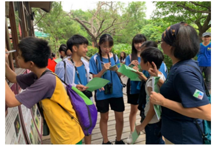
1081026【鳥松生態嘉年華】 學生認真填闖關問卷
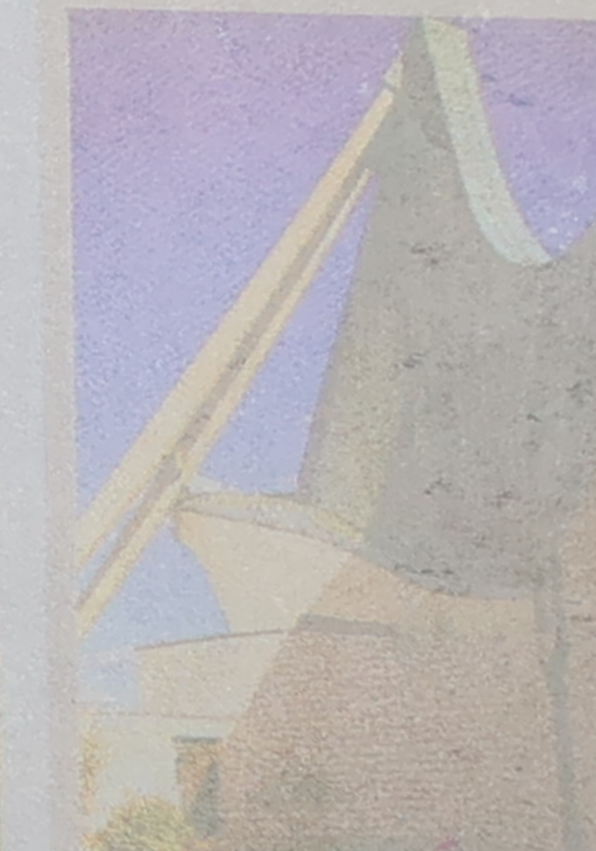
San Giovanni Battista (1964) Giovanni Michelucci éleva son église moderne près de l'aéroport Amerigo-Vespucci.
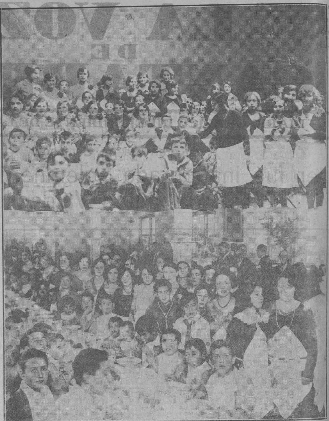
DESPUES DE LA INAUGURACION.—Niñas jóvenes santanderinas sirvieron las comidas con que fueron obsequiados los niños en la Casa de Caridad y en el Frontón.

En el hall a que antes aludimos se hicieron entrega a la marquesa de Pelayo de varias placas entre ellas tres con dedicatorias sentidísimas de los obreros del nuevo Hospital, cigarrerías de Santander y pescaderas. También se entregaron varias canastillas de flores sobresaliendo por su preciosidad las de los obreros del Muelle, costureras, Comisión del homenaje al marqués de Valdecilla, en-
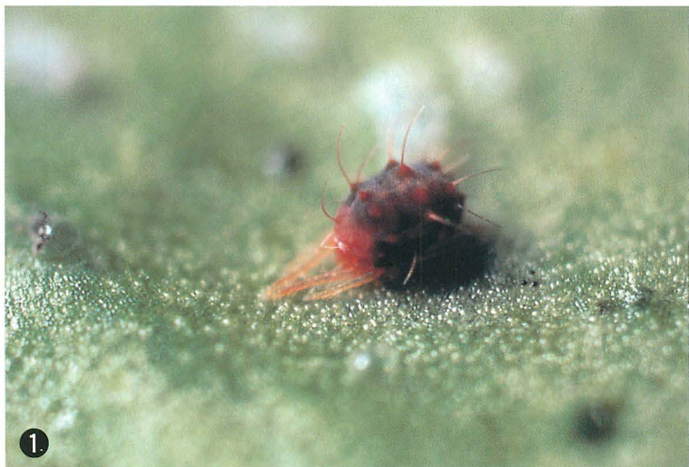
① ミカンハダニ成虫
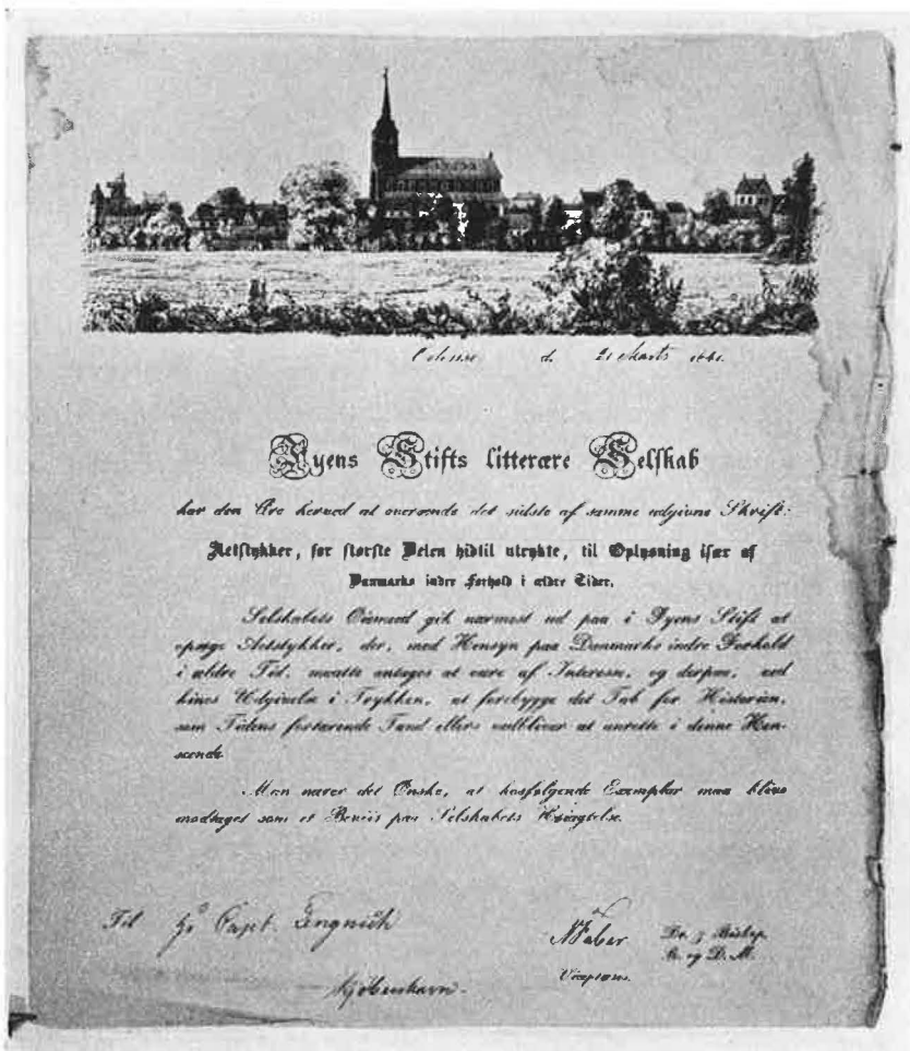
Følgeskrivelse med Actstykker, 1841.

Fra 1842 var Paludan-Müller og Rohmann saaledes alene om arbejdet med at udgive aktstykkerne.
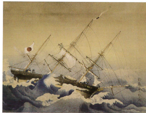
咸臨丸難航図(木村家蔵・横浜開港資料館保管)

1860年、日米修好通商条約の批准書交換のため、幕府使節団が太平洋を渡った時、咸臨丸には日章旗がはためき、使節団を歓迎するため、ニューヨークのブロードウェイには日章旗と星条旗が掲げられた。
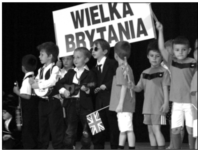
Zespół The Beatles oraz „Czerwone Diabły” czyli Przedszkole nr 1 prezentuje Wielką Brytanię.
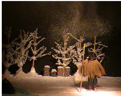
Gambar 8. Ruang dan tata cahaya “Yuki Onna”

Alur cerita pada naskah realis harus dipenuhi dengan penerapan cahaya yang menguatkan kejelasan ruang setting nya. Pencahayaan memiliki dua prinsip warna yang melibatkan warna cool dan warm ( color gel -warna dalam pencahayaan), yakni berperan sebagai penanda setting waktu, peristiwa dan kejadian; serta menggambarkan musim atau suasana tertentu lainnya. Contohnya, pada karya “Yuki Onna” (gambar 8), dinginnya musim salju diusahakan melalui kuat terang dan warna pencahayaan yang tepat bersamaan dengan material yang saling mendukung.

AIM OF THE TASK
The response must contain every line from the listing above in which the string "Onna" appears.

EXERCISE ANSWER
Gambar 8. Ruang dan tata cahaya “Yuki Onna”
Alur cerita pada naskah realis harus dipenuhi dengan penerapan cahaya yang menguatkan kejelasan ruang setting nya. Pencahayaan memiliki dua prinsip warna yang melibatkan warna cool dan warm ( color gel -warna dalam pencahayaan), yakni berperan sebagai penanda setting waktu, peristiwa dan kejadian; serta menggambarkan musim atau suasana tertentu lainnya. Contohnya, pada karya “Yuki Onna” (gambar 8), dinginnya musim salju diusahakan melalui kuat terang dan warna pencahayaan yang tepat bersamaan dengan material yang saling mendukung.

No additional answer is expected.